The root of the tree of life is hard to pin down [Pennisi 1999], and unbridled horizontal transfers early in the evolution of life can’t easily be distinguished from the limits of the sensitivity of our phylogenetic tools — that researchers have failed to reach a consensus on the shape of the tree does not mean that there must therefore have been horizontal transfer.

Indeed, there is another issue here — the reliability of the methods used for building evolutionary trees. Many researchers are very confident of the reliability of these methods, yet it is well known that these are based on mathematical algorithms which are convenient, but which do not necessarily accurately model real biological sequence evolution. These methods are likely to be robust for recent evolutionary events, and are definitely the most robust of the methods for detecting gene transfers. The problem is that near the root of the tree of life, they may be just too inaccurate to be useful for scrutinizing the very earliest events in evolution. In a worst-case scenario, the situation might in fact be a bit like timing the 100M sprint at the Olympics with a sundial!

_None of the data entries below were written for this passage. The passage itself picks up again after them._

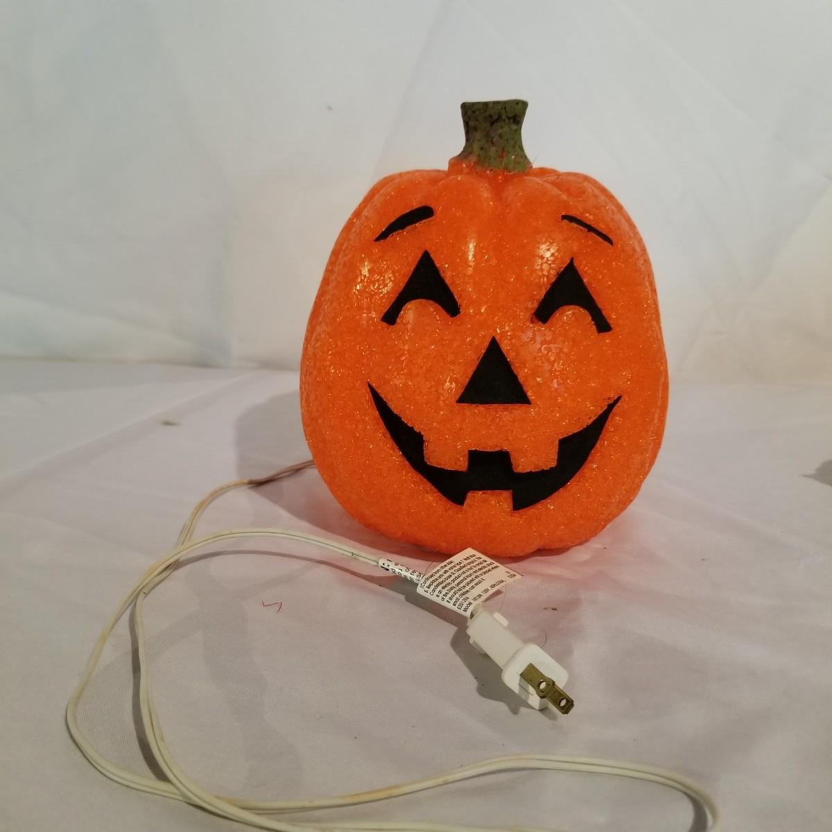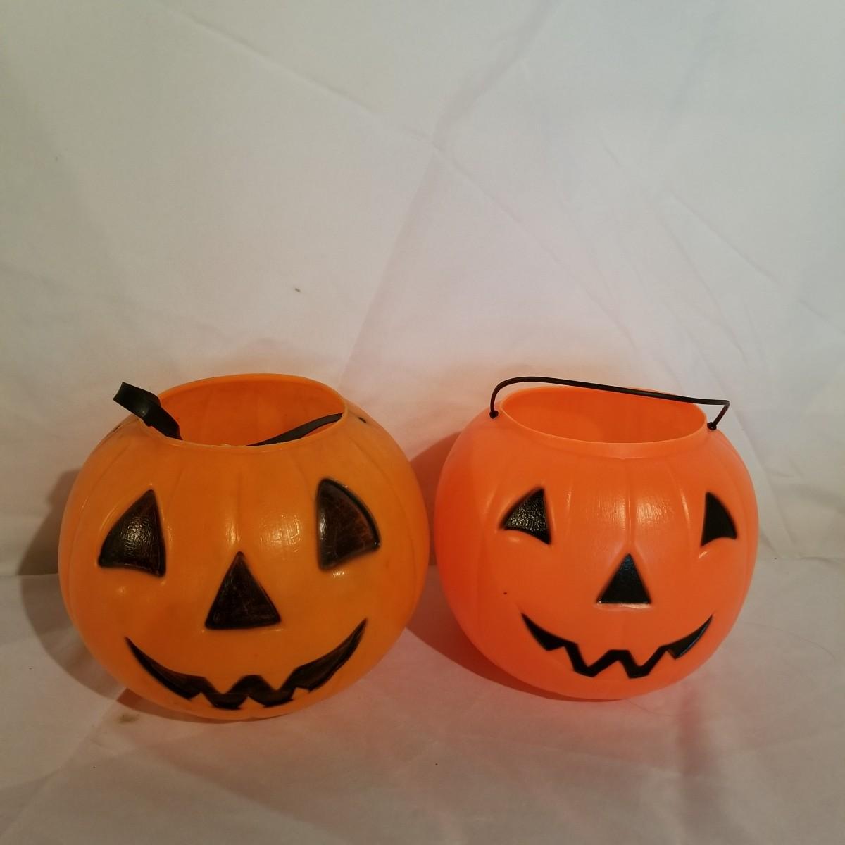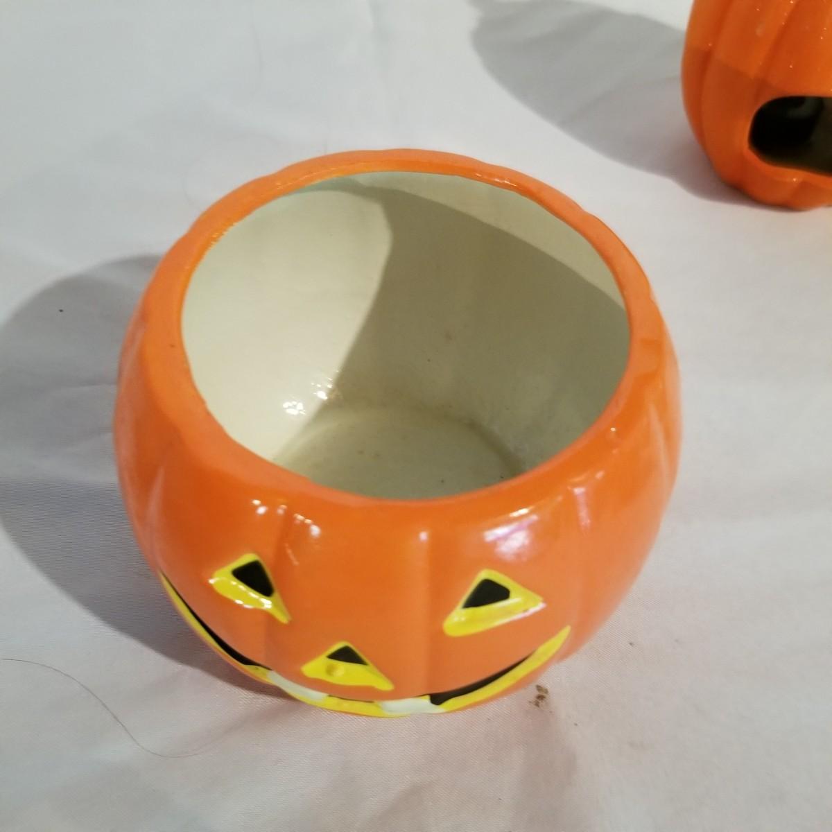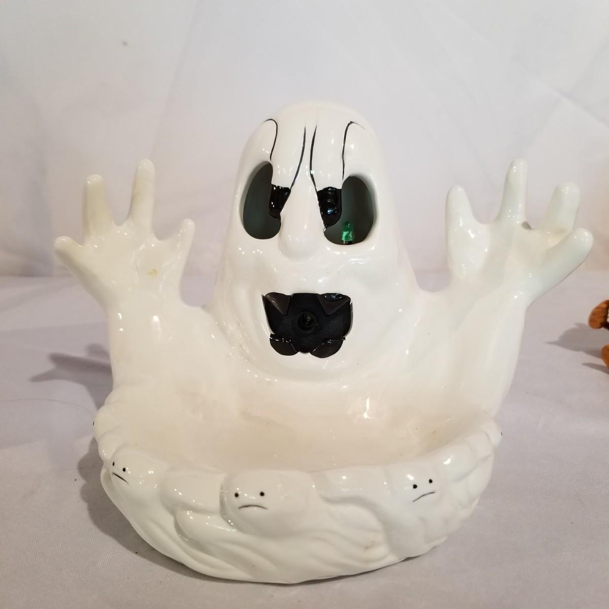 A slightly scary collection of Halloween items. Two handled plastic trick or treat buckets, a pumpkin candy bowl/tray, two ceramic pumpkins, a plug in LED lit pumpkin (turned on when tested). And also one ghostly ghost candy dish with scary eyes and sound; unable to test as it most likely requires new batteries. See photos for details. Shipping available.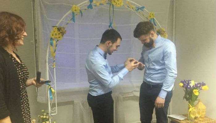 В столице Украины на днях отгуляли первую гей-свадьбу. Никаких документов виновники события не получили, а сама церемония была символической. Парой оказались Тимур Левчук и Зорян Кись.
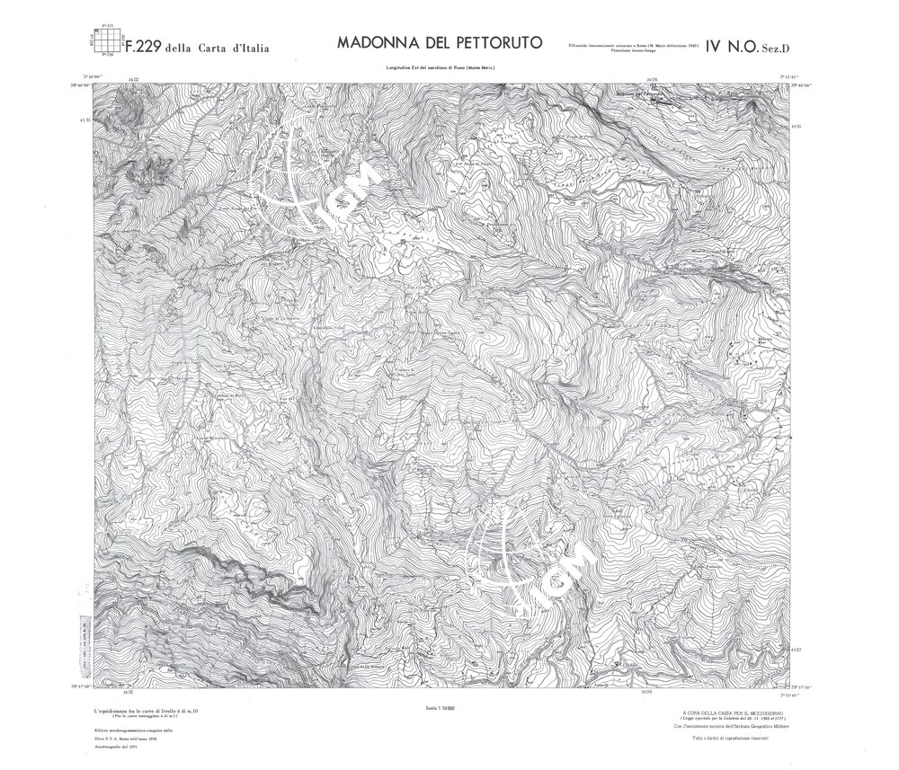 Rilievo eseguito da ditte private a cura della Cassa per il Mezzogiorno (legge speciale per la Calabria 26/11/1955 n°1177) con l’assistenza tecnica dell’ I.G.M. Rilievo aereofotogrammetrico,proiezione naturale,stampa in nero,equidistanza tra le curve mt.10. Le fotoriprese aeree furono eseguite nel 1954, l’elemento cartografico era la sezione di tavoletta, ossia 1/4 di tavoletta, distinta dalle lettere A;B;C;D.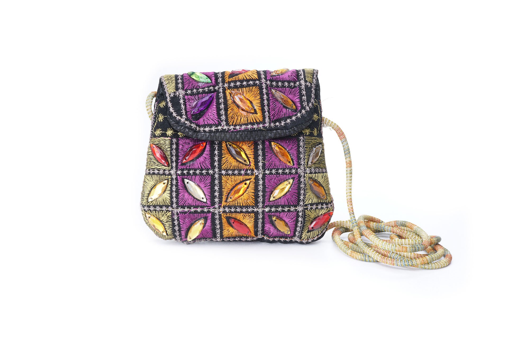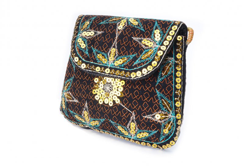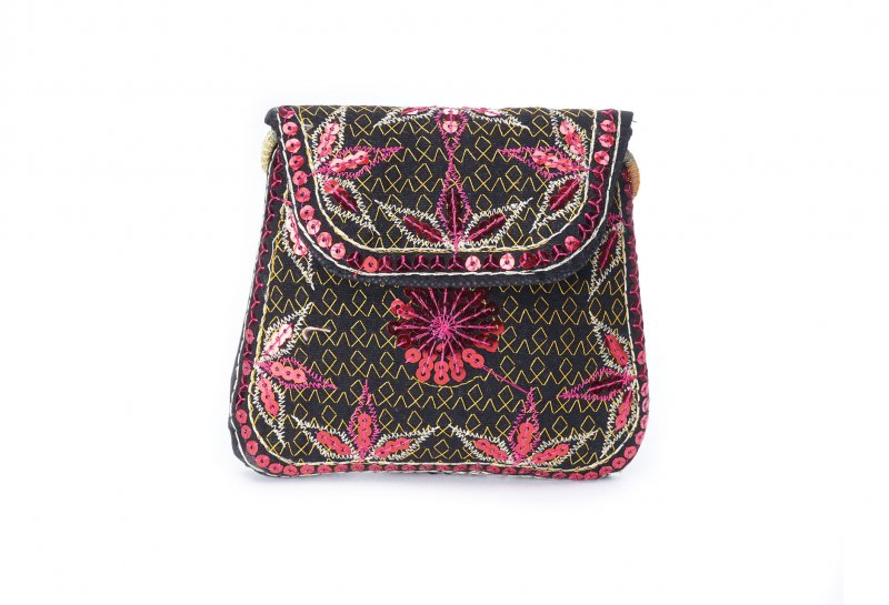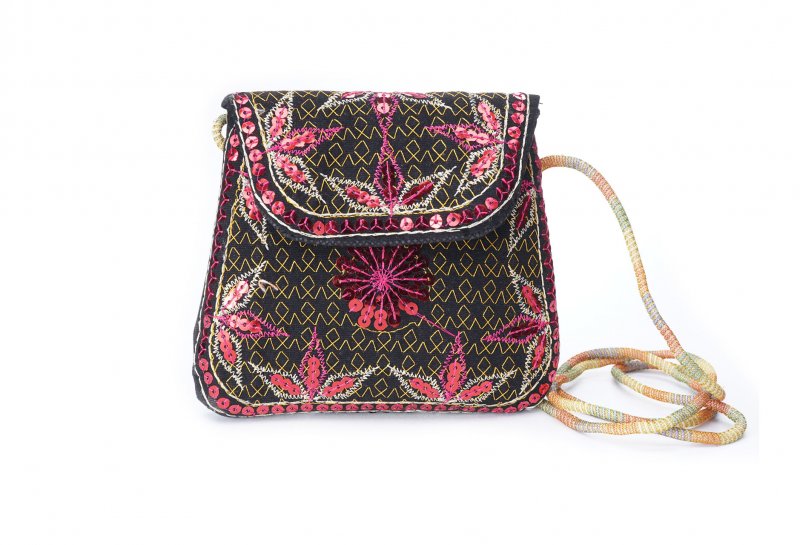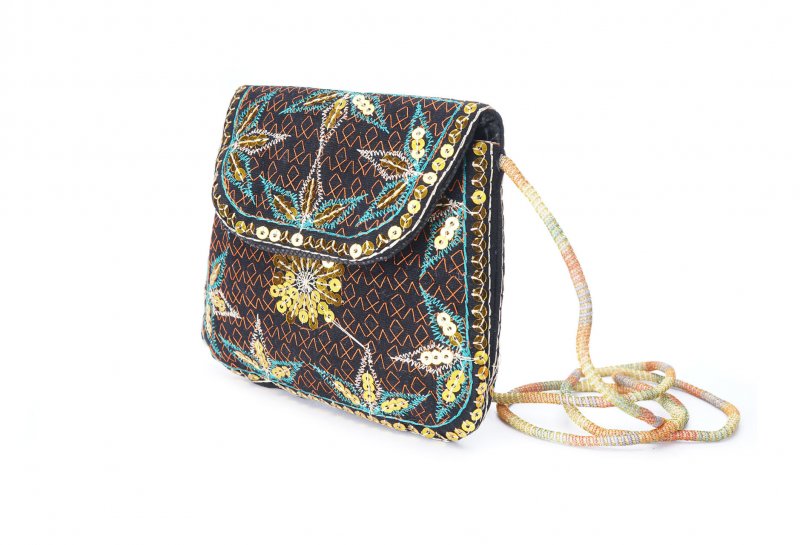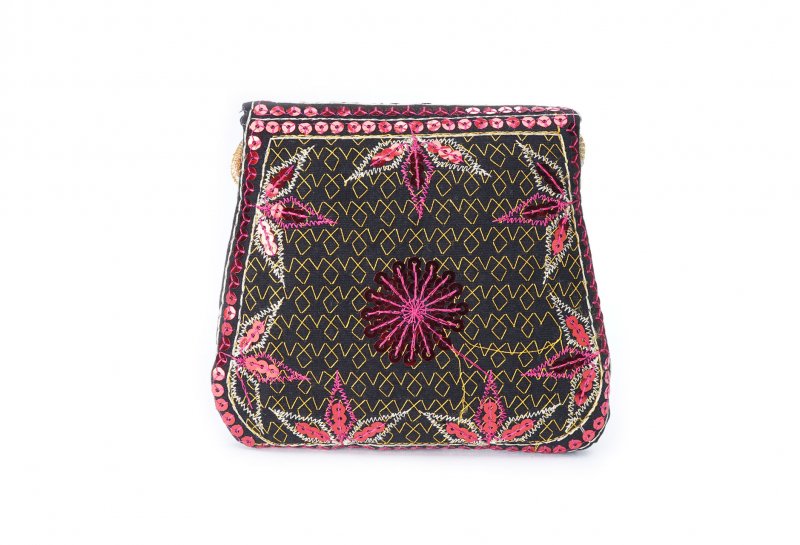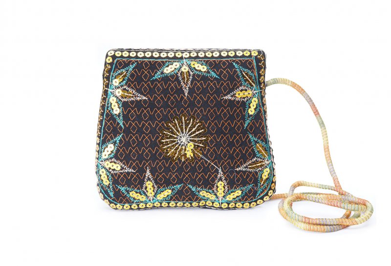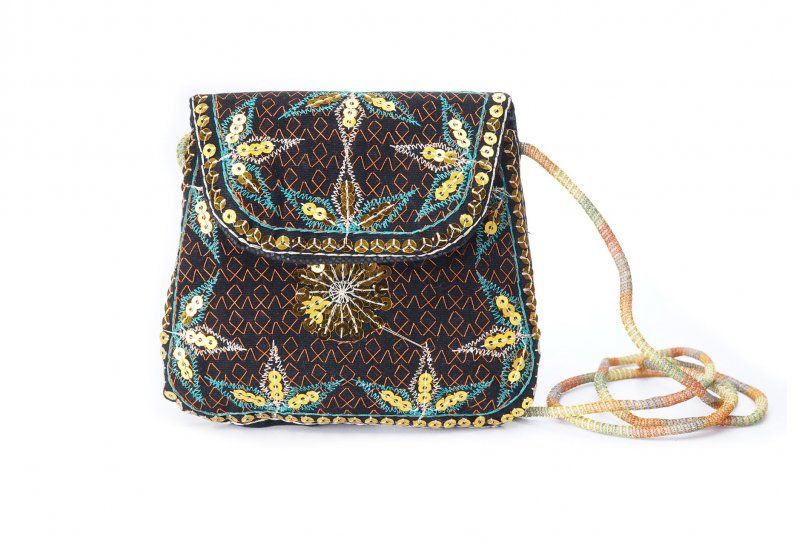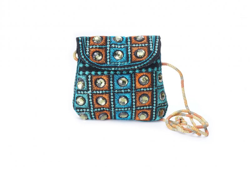 Özellikleri: Önde çıtçıt kapak, iç astarlı, ip askılı, renkli plastik boncuklu.

David Penny, Bennet McComish and their coworkers have recently tried to address this question by investigating how far back in time the standard models used in evolutionary tree building can go before they start to go wrong. Their overall conclusion is that the models used do seem to do a little better than might be expected from theory, but that the models still do poorly for very early evolutionary events. Penny and colleagues also criticise the recent trend in reporting conflicting trees as evidence for horizontal gene transfer — given how hard it seems to accurately reconstruct the tree of life, it is hard to say whether conflicting answers are evidence for gene transfer, or just reflect the limitations of the methods for building the trees. Their testing of the models suggests that it is just not reasonable to say that there is horizontal gene transfer just because two trees made with two different genes don’t come back with the same relationships between organisms. They make the following comment, which sums up the problem very succinctly:

“… there are major difficulties between data sets for ancient divergences. It is difficult to see why researchers are so confident in their results when the relatively recent divergences within mammals, birds, or flowering plants are only now being resolved.”

This work of Penny et al. [2001] and the picture coming from evolutionary trees of whole genomes [Snel et al. 1999; Sicheritz-Pontén & Andersson 2001] seems to bolster Kurland’s provocative assertion that horizontal transfer is ‘an ideology that is begging for deconstruction.’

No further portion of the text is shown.